4.Memperingatkan kaum Muslimin dari suatu kejelekan dan menasehati mereka. Yang demikian meliputi beberapa bentuk di antaranya dengan menerangkan kejelekan rawi-rawi hadits dan para saksi yang memiliki kejelekan. Hal itu diperbolehkan berdasarkan ijma’ kaum Muslimin bahkan wajib karena adanya kebutuhan. Dan (bentuk lain) yaitu jika seseorang melihat seorang penuntut ilmu mondar-mandir mendatangi mubtadi’ atau seorang yang fasik, dia mengambil ilmu darinya dan dikhawatirkan si penuntut ilmu itu terpengaruh dengannya maka wajib bagi orang tadi untuk menasehatinya dengan menerangkan keadaan mubtadi’ tersebut. Dengan syarat dia bermaksud memberi nasehat.

5.Adanya seseorang yang terang-terangan dengan kefasikannya dan kebid?ahannya.
6.Untuk pengenalan, (misalnya) seorang manusia terkenal dengan julukan si kabur matanya, si buta, si pincang, dan yang lain maka diperbolehkan memperkenalkan mereka dengan julukan-julukannya itu. Tetapi diharamkan jika tujuannya untuk mencela dan merendahkan. Dan seandainya memungkinkan untuk diperkenalkan dengan selain itu, itu lebih baik.

Demikian dinukil secara ringkas dari Kitab Riyadhush Shalihin bab ke-256, Bab Perkara Diperbolehkan Berghibah halaman 525-527 tahqiq Syaikh Muhammad Nashiruddin Al Albani rahimahullah.

Perhatikanlah jenis keempat, Imam An-Nawawi menyatakan bahwa ghibah diperbolehkan jika dalam rangka memperingatkan kaum Muslimin dari suatu kejelekan dan untuk menasehati mereka. Berapa banyak kitab-kitab para ulama yang membahas kejelekan rawi-rawi hadits dan kelemahaan mereka, seperti Kitab Adh-Dhu’afa karya Imam Bukhari, Nasa’i, Al-Uqaili, dan Ad-Daraquthni. Kitab Al-Kamil fid Dhu’afa karya Ibnu Abi Hatim, Kitab Al Mughni fidh Dhu’afa karya Imam Adz Dzahabi dan berbagai kitab lainnya yang berisi jarh (kritikan) terhadap rawi-rawi hadits. Apakah kita menuduh para ulama telah melakukan ghibah terhadap individu-individu tertentu atau kelompok-kelompok tertentu. Na’udzu Billah.

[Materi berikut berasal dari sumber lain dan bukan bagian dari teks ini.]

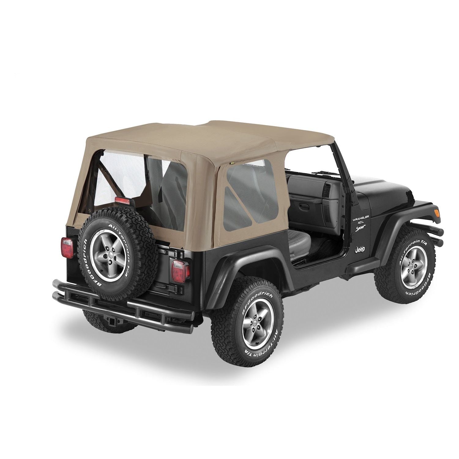 VEHICLE FITMENT: TJ WRANGLER (1996-2006) I Bestop Replace-A-Top Dark Tan Clear Windows No Door Skins Included I Your original soft top can get damaged or begin to show its age after all those years battling the sun and weather. Replace-A-Top takes advantage of your still-good factory hardware, and gives you all new fabric and windows without having to replace your existing frames and hardware. It's the most economical way to make your top look new again.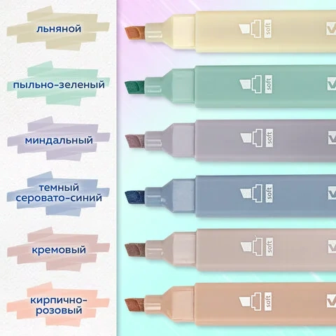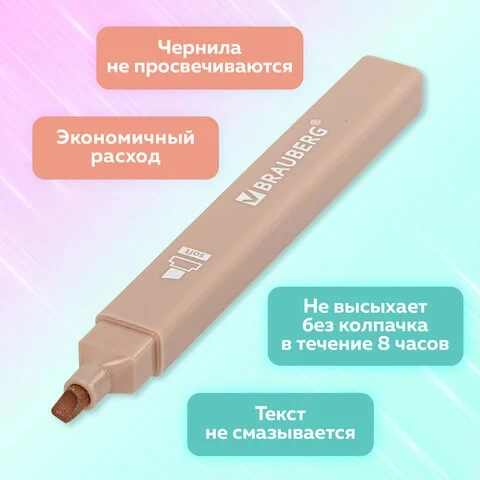 В наборе 6 двусторонних текстовыделителей цветов моранди – миндальный, кирпично-розовый, темный серовато-синий, льняной, пыльно-зеленый, кремовый. Нежные и приглушенные цвета Моранди позволяют создать мягкие переходы и равномерно подчеркнуть необходимую информацию в тексте. Цвет корпуса соответствует цвету чернил.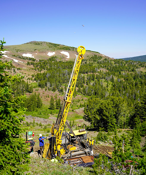 Figure 1: Drilling at the Iron Mountain deposit area of the Stillwater West project, over seven kilometers east of a second rig at the Chrome Mountain deposit area, in an iconic and historic mining district in Montana, USA.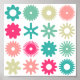 An attractive square arrangement of 16 different style cog wheels in a pallet of attractive colours.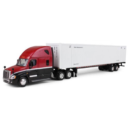 -. Feature : Brand new box. Rubber tires. Detailed interior, exterior. Made of diecast metal. Detailed cab interior Detailed chassis and undercarriage Pivoting fifth-wheel for trailer attachment Container lifting/loading point details Container rear door details Working landing gear on chassis Removable container from chassis Dimensions approximately: 12.75"L x 2.5"W x 3'H inches.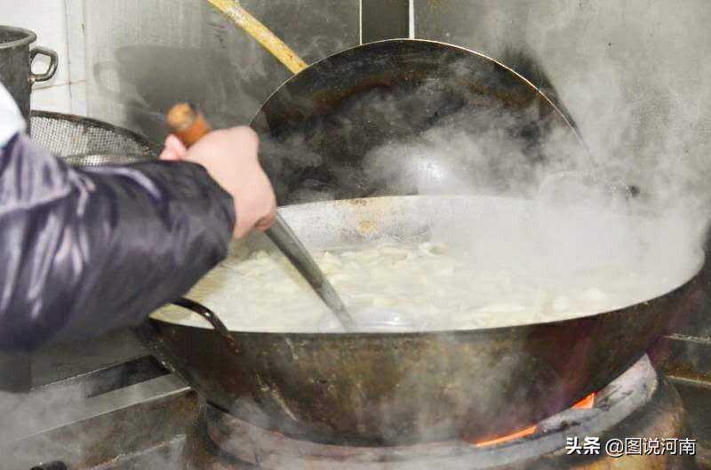 包好的饺子被推进锅中,与热气腾腾的水不停的碰撞交融。大厨的铁勺推动这些饺子不停的翻滚,大铁锅中一片热闹景象。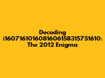 Let's dive into the mystery of i1607161016081606158315751610 2012. What could this possibly mean? Well, at first glance, it looks like a jumble of numbers and a year. But don't worry, guys, we're going to break it down and see if we can make any sense of it. Maybe it's a secret code, a serial number, or just a random string of digits. Whatever it is, let's put on our detective hats and get to work!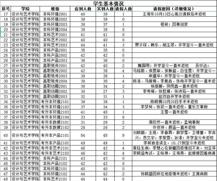kaiyun体育网页登录入口未返校人数统计及原因统计表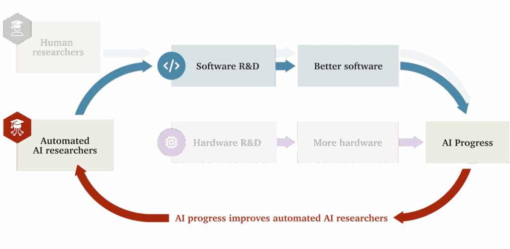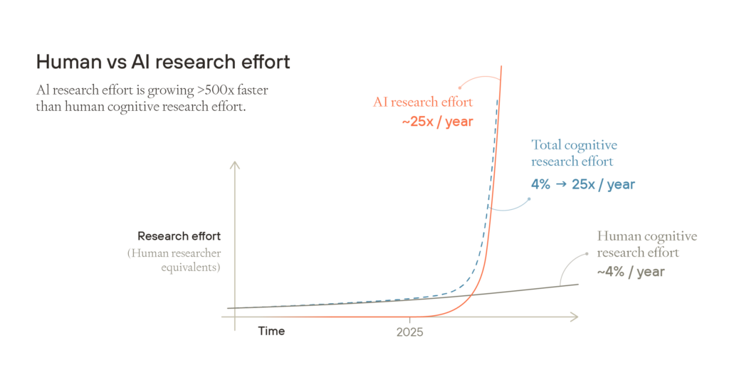 Next, imagine that AI continues to improve, and eventually these models start to do the work of even top researchers, with minimal human direction.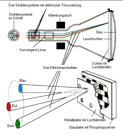 Beim Empfang nimmt der Fernsehempfänger sowohl die übertragenen Bild- als auch die Tonträgerwellen mit einer gemeinsamen Antenne auf und wählt den Sender. Danach wird das Signal aufgespalten: Das Tonsignal gelangt zum Lautsprecher, die Zeitsignale an die Synchronisations-Schaltkreise, wo sie die waagerechte und senkrechte Position des Elektronenstrahls am Bildschirm bestimmen. Die Farb- und Helligkeitssignale werden an die drei Elektronenkanonen in der Röhrenbasis weitergeleitet (Braun’sche Röhre), die je einen, von Magneten gesteuerten, grünen, roten und blauen Strahl zeilenweise auf die Leuchtschicht des Bildschirms zeichnen. In Deutschland wird dabei seit 1952 die Gerbernorm von 625 Zeilen genutzt, was bei dem gängigen Bildformat von 4:3 (Breite:Höhe) eine Auflösung des Bildes in rund 520 000 Einzelpunkte bedeutet. Die 625 Zeilen werden 25-mal je Sekunde neu gezeichnet. Da dies aber zuwenig ist, um Bewegungen unter Vermeidung von Flackern abzubilden, andererseits aber eine Erhöhung der Abtastfrequenz unwirtschaftlich wäre, wendet man das sogenannte Zeilensprungverfahren an, bei dem der Elektronenstrahl beim Abfahren des Bildschirms nur jede zweite Zeile zeichnet und die fehlenden eine fünfzigstel Sekunde danach ergänzt. Jedes Fernsehbild besteht also aus zwei ineinander geschobenen Zeilenrastern. Dieses seit 1953 vom NTSC (National Television System Committee der USA) entwickelte Prinzip einer Farbbildröhre wies aber noch Schwächen in der Farbwiedergabe auf, die ab 1967 durch Einführung des PAL-Systems in Deutschland praktisch beseitigt werden konnten (in Frankreich hat sich das SECAM-System durchgesetzt).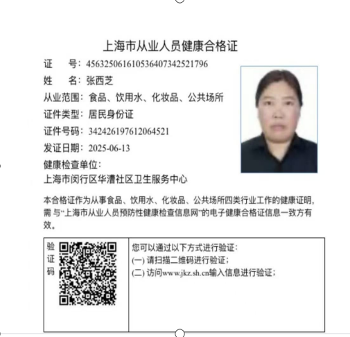 2025年6月-2025年10月在上海市闵行区华漕镇敬老院做护工人员。
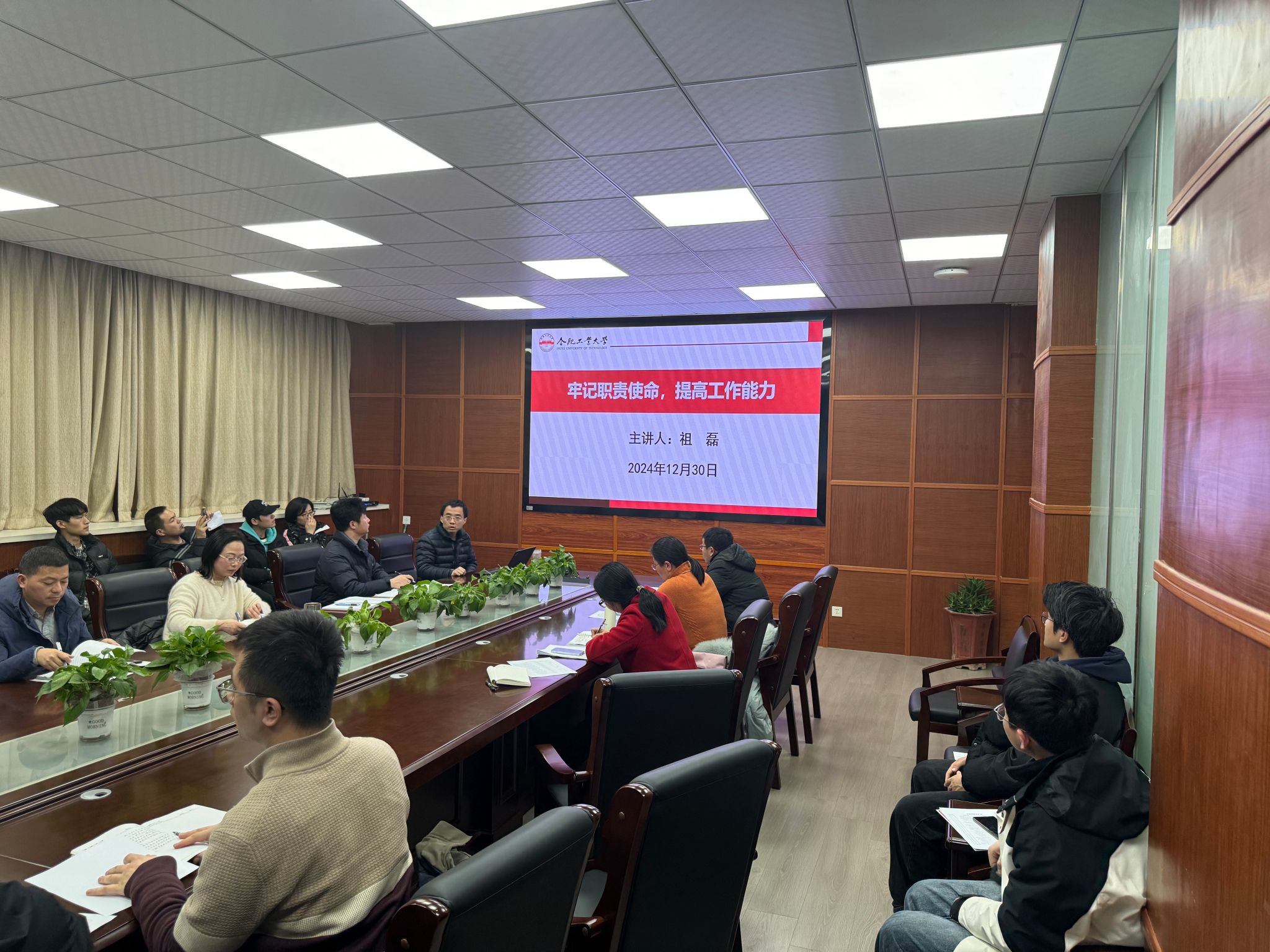 12月30日下午,MG冰球突破官网网站党委书记祖磊为师生党支部书记讲授党课,党课题目为“牢记职责使命 提高工作能力”,学院党委秘书、研究生辅导员和28个基层党支部书记参加了党课学习。

Ketahuilah, bahwa menyebutkan kejelekan seseorang diharamkan jika tujuannya semata-mata mencela, membongkar aib, dan merendahkan dia. Adapun jika di situ ada maslahat bagi seluruh kaum Muslimin atau khususnya bagi sebagian mereka dan bertujuan mencapai maslahat itu maka tidak diharamkan tetapi mandub (disunnahkan). Tegas Ibnu Rajab Al Hambali dalam Al Farqu bainan Nashihah wat Ta’yir halaman 25.

Kita tidak akan tinggal diam ketika melihat kemungkaran-kemungkaran atau penyimpangan-penyimpangan yang terjadi di tengah-tengah kaum Muslimin. Kita harus memperingatkan kaum Muslimin agar berhati-hati dari orang-orang yang menyimpang atau kelompok-kelompok yang menyimpang dari Al Qur’an dan As-Sunnah dengan pemahaman para Salafus Shalih dari generasi shahabat, tabi’in, dan tabiut tabi’in.

Syaikhul Islam Ibnu Taimiyah berkata: “Sebagian mereka berkata kepada Imam Ahmad bin Hanbal: “Sesungguhnya berat bagiku untuk mengatakan si fulan begini dan begitu. Maka beliau berkata: Kalau Anda diam dan akupun diam, kapan orang yang tidak tahu akan tahu mana yang benar dan yang salah”. (Naqdur Rijal halaman 39)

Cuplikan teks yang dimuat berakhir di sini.